• _Work to complete_
Gather the lines below that include the string "with", copying each in full.

• _Available records_
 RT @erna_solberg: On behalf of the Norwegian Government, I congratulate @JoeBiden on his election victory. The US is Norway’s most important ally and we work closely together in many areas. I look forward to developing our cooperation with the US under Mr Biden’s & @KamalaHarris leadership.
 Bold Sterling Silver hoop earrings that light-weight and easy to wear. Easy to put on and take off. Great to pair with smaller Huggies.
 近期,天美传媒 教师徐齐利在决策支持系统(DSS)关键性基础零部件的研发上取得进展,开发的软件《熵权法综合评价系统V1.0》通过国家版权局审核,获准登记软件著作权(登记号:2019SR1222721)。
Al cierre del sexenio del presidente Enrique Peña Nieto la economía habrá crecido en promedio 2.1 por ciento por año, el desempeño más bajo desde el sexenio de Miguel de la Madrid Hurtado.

---

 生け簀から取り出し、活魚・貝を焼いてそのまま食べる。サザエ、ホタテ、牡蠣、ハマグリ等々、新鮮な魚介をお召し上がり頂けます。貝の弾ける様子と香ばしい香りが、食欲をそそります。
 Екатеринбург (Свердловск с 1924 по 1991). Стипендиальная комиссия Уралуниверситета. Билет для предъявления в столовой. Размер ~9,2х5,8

• _Answer box_
 RT @erna_solberg: On behalf of the Norwegian Government, I congratulate @JoeBiden on his election victory. The US is Norway’s most important ally and we work closely together in many areas. I look forward to developing our cooperation with the US under Mr Biden’s & @KamalaHarris leadership.
 Bold Sterling Silver hoop earrings that light-weight and easy to wear. Easy to put on and take off. Great to pair with smaller Huggies.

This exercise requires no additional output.